Workers were supposed to uncover the pipeline Tuesday, but had not yet done so by late that afternoon.

The section of pipe is scheduled for removal Wednesday, and that's when we should know more about what caused the rupture. 

Plains All American started excavating at the end of last week.

The pipeline is buried four feet underground, which is within regulations, according to the Pipeline and Hazardous Materials Safety Administration (PHMSA).

Rick McMichael with Plains All American talked more about the shut off valves Tuesday.

He said they have one valve that will automatically shut off if it detects an issue with flow, and then three more valves that are remotely controlled and can be shut down from a control room.

Plains did say that the results from an inspection two weeks before the pipe burst did come back and did not show the site of the pipeline rupture as one of the areas where there could be an issue, but it did show four other locations that needed to be checked out.

Plains isn't saying where yet, but they say they're not near the break.

As for cleanup efforts, boats were out skimming oil off the ocean Tuesday, and on-shore crews were again at Refugio State Beach bagging oily sand. 

The rocks were still splattered with oil and officials say they'll be cleaned in the next phase.

Wildlife rescue crews netted an oiled bird at Refugio Tuesday afternoon. 

So far, crews have found 25 live oiled birds and 13 dead, and 18 live oiled mammals and 8 dead.

The timeline on the results of the investigation is weeks or maybe even months.

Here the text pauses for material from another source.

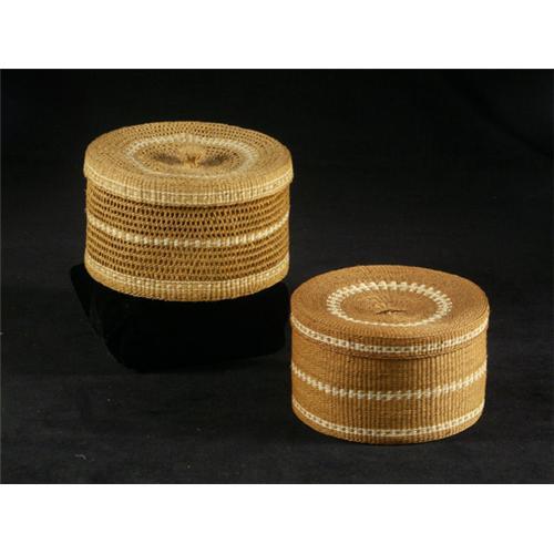 Two lidded finely woven basket boxes, unattributed. The first is reticulated with tonal banding and a woven knob, 3 1/2''H x 5 1/2'' diameter. The second is a tightly twilled basket box with light banding, 3''H x 5'' diameter, exterior fading.

After workers remove the ruptured part of the pipeline Wednesday, Plains will send it to an independent investigator to look at the pipeline, the condition of the metal, to see what may have happened.

Figuring out how the spill happened may take much longer than cleanup efforts, but the beach is looking better and better every day.

As of Tuesday, workers have removed more than 2,600 cubic yards of contaminated soil. 

Cleanup volunteers are currently being trained.